Data Start Marker

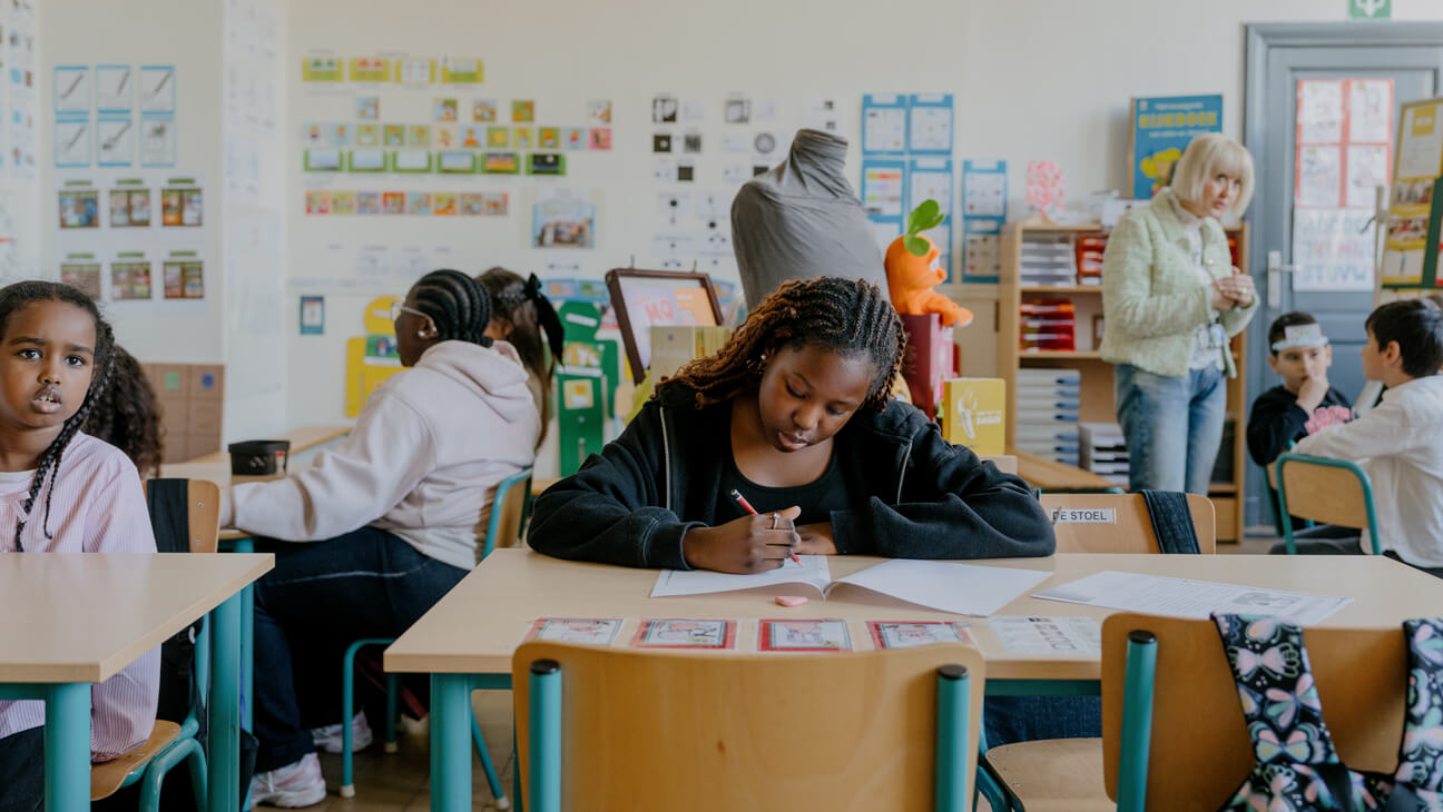 Katleen: “In mijn klas zitten kinderen van hoogopgeleide magistraten die in Brussel werken naast kinderen die voor bommen gevlucht zijn en voor wie Nederlands soms de derde of vierde taal is. Ze komen uit de Brusselse rand, Marokko, Armenië, Somalië, Bulgarije, Brazilië, Macedonië, Jordanië, Turkije en Ghana.”
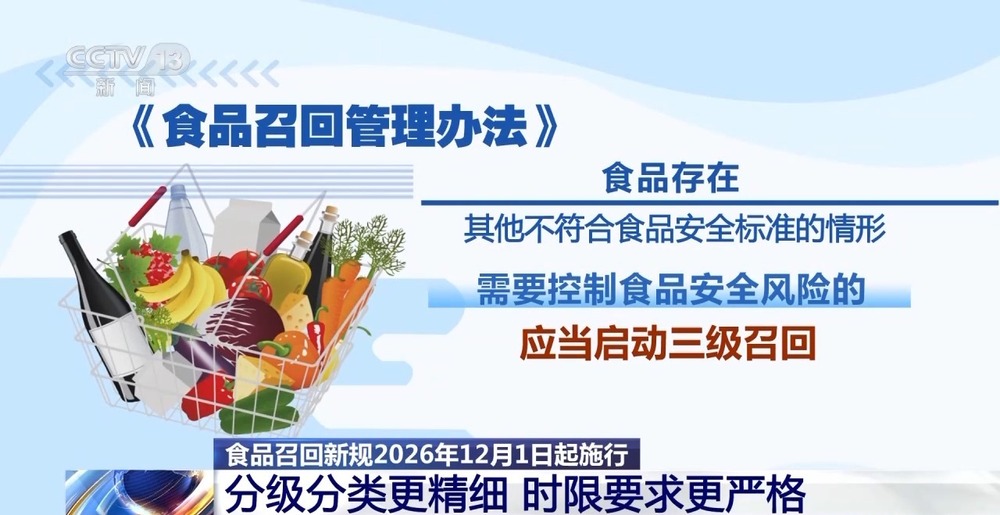 全面压实食物出产运营者从体义务。该当启动一级召回。需要节制食物平安风险的,新修订的《食物召回办理法子》将于2026年12月1日起施行。要求市场监管总局缺陷产物召回击艺核心组建全国食物召回击艺专家库,食物运营者、集中买卖市场创办者、柜台出租者、展销会举办者及收集平台供给者的共同召回权利。此外,市场监管总局食物出产运营司监管一处处长 陈恩成:分析处所市场监管部分、行业、专家等的看法,加强手艺保障能力。新修订的《食物召回办理法子》完美了召回品级分级,明白召回景象。新版《食物召回办理法子》聚焦食物召回实践中的堵点难点问题,一方面通过专业手艺力量对召回进行全流程评估,
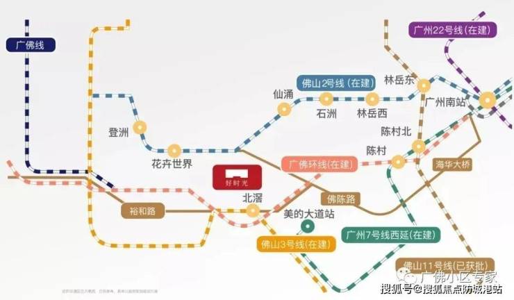 项目拥有双地铁、一城际、六大快线的全维度立体交通路网,可快速通达广佛全域与湾区核心城市。轨道交通方面,佛山地铁 3 号线已全线开通,从项目出发可快速通达禅城、南海、顺德三大核心区域;广州地铁 7 号线西延段已开通运营,7 站即可直达广州南站,实现广佛同城快速通勤。广佛环线城际轨道预计今年年底试运行,明年 3 月正式开通,从项目出发 10 分钟即可直达广州南站,快速接驳白云国际机场,实现湾区核心城市一小时通达。项目紧邻裕和东路城市主干道,西接佛山新城,东联在建的广州汉溪大道,周边环绕广佛江珠高速、广台高速、广珠西线、东新高速等六大高速路网,20 分钟内可通达珠三角各核心城市。
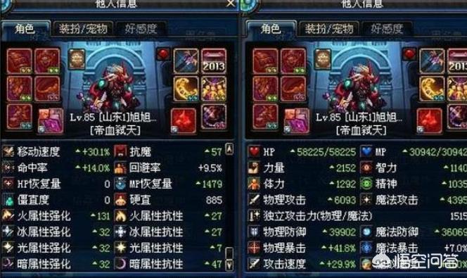 4. 火热的85版本:在DNF的85版本中,异界装备依然很强力,但是已经出现衰落的迹象了,从截图中我们可以看到,宝哥的装备依然没有啥变化,只是手镯部位发生了变,他用的是金手镯。

Data End Marker

Task directions ->
Only lines belong in the copy: transcribe those from the start of the data through the line that contains "全面压实食物出产运营者从体义", and skip the pictures.

Written solution ->
 Katleen: “In mijn klas zitten kinderen van hoogopgeleide magistraten die in Brussel werken naast kinderen die voor bommen gevlucht zijn en voor wie Nederlands soms de derde of vierde taal is. Ze komen uit de Brusselse rand, Marokko, Armenië, Somalië, Bulgarije, Brazilië, Macedonië, Jordanië, Turkije en Ghana.”
 全面压实食物出产运营者从体义务。该当启动一级召回。需要节制食物平安风险的,新修订的《食物召回办理法子》将于2026年12月1日起施行。要求市场监管总局缺陷产物召回击艺核心组建全国食物召回击艺专家库,食物运营者、集中买卖市场创办者、柜台出租者、展销会举办者及收集平台供给者的共同召回权利。此外,市场监管总局食物出产运营司监管一处处长 陈恩成:分析处所市场监管部分、行业、专家等的看法,加强手艺保障能力。新修订的《食物召回办理法子》完美了召回品级分级,明白召回景象。新版《食物召回办理法子》聚焦食物召回实践中的堵点难点问题,一方面通过专业手艺力量对召回进行全流程评估,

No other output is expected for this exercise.